WHAT NEEDS TO BE DONE:
Your answer should be a single number: how many lines in the data below hold the string "para".

TASK DATA:

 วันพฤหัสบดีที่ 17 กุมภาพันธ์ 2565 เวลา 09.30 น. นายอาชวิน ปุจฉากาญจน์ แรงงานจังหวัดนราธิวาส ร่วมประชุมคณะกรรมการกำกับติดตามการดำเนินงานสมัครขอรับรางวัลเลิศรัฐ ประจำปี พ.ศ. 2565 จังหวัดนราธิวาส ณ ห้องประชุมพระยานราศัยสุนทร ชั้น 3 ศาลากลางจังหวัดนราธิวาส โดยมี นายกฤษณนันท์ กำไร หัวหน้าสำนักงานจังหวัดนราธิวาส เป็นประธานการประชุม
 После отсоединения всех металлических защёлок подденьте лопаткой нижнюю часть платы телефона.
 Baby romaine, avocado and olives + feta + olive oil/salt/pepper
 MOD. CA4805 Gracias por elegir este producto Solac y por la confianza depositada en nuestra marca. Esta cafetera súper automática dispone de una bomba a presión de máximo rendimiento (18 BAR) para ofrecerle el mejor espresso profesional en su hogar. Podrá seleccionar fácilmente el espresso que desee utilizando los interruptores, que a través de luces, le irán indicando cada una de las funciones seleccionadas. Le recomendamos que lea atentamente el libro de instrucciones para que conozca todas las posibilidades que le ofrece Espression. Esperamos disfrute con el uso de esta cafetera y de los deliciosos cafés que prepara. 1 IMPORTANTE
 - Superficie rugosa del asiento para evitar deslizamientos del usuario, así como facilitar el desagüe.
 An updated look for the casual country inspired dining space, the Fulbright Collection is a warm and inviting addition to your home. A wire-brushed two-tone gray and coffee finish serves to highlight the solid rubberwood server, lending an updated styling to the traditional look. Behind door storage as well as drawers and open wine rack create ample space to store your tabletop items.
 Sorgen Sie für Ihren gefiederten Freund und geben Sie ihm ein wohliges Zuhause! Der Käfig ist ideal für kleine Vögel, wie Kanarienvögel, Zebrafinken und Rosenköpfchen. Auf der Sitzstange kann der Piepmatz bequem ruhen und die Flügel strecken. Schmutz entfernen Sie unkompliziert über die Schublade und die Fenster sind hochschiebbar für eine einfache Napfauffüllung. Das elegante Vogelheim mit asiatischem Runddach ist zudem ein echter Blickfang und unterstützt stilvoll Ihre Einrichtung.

--

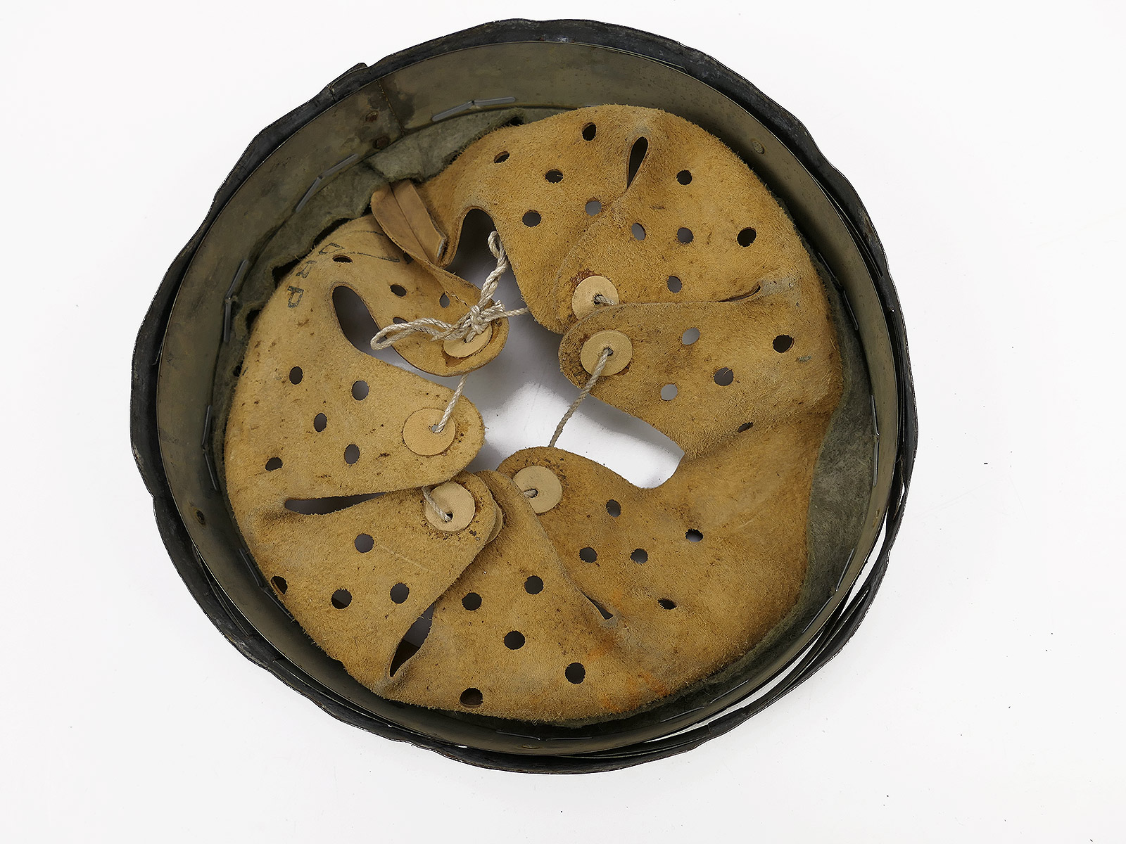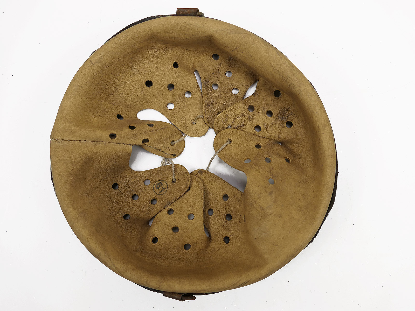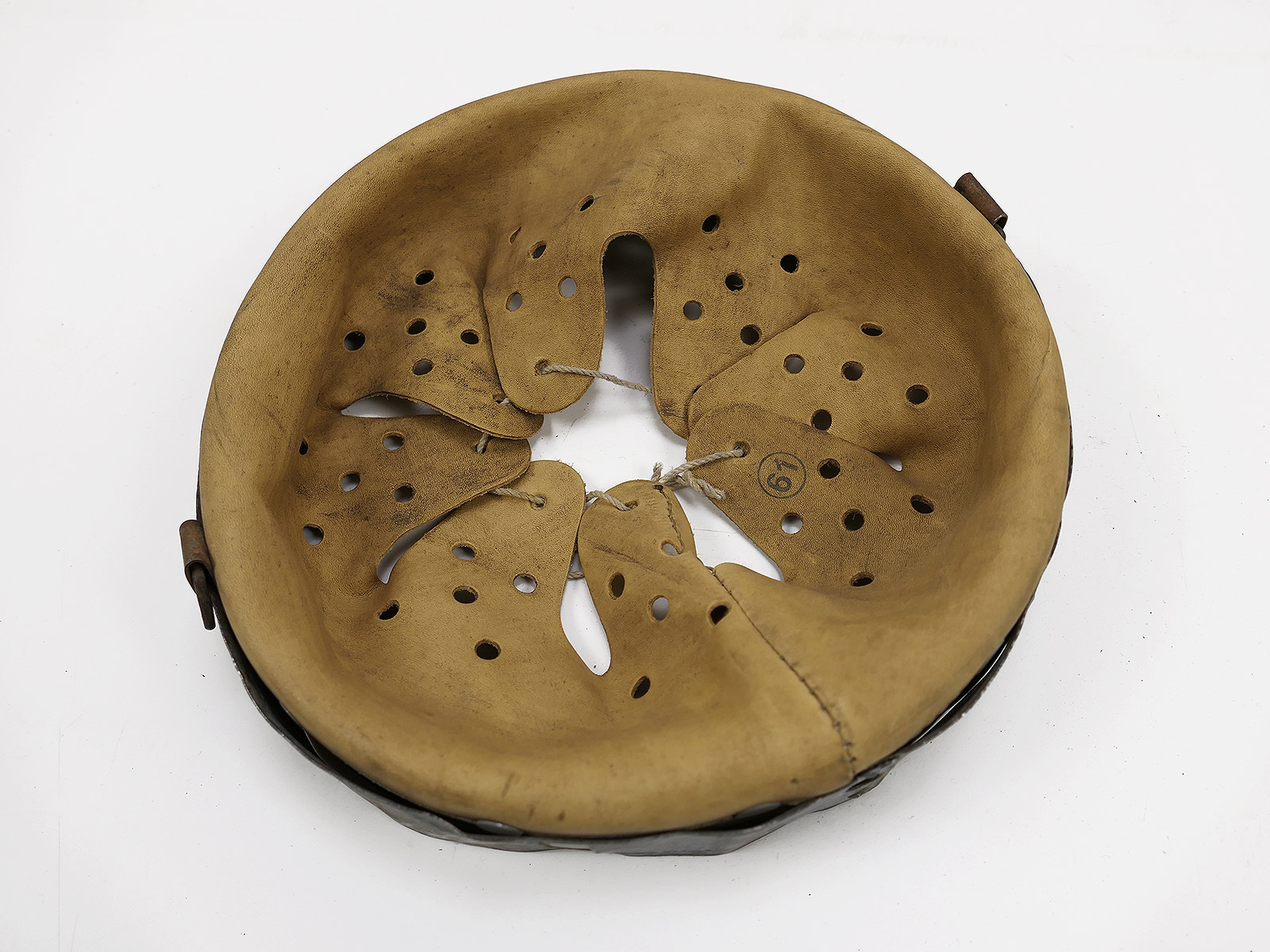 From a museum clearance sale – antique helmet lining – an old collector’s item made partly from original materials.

WRITTEN RESPONSE:
2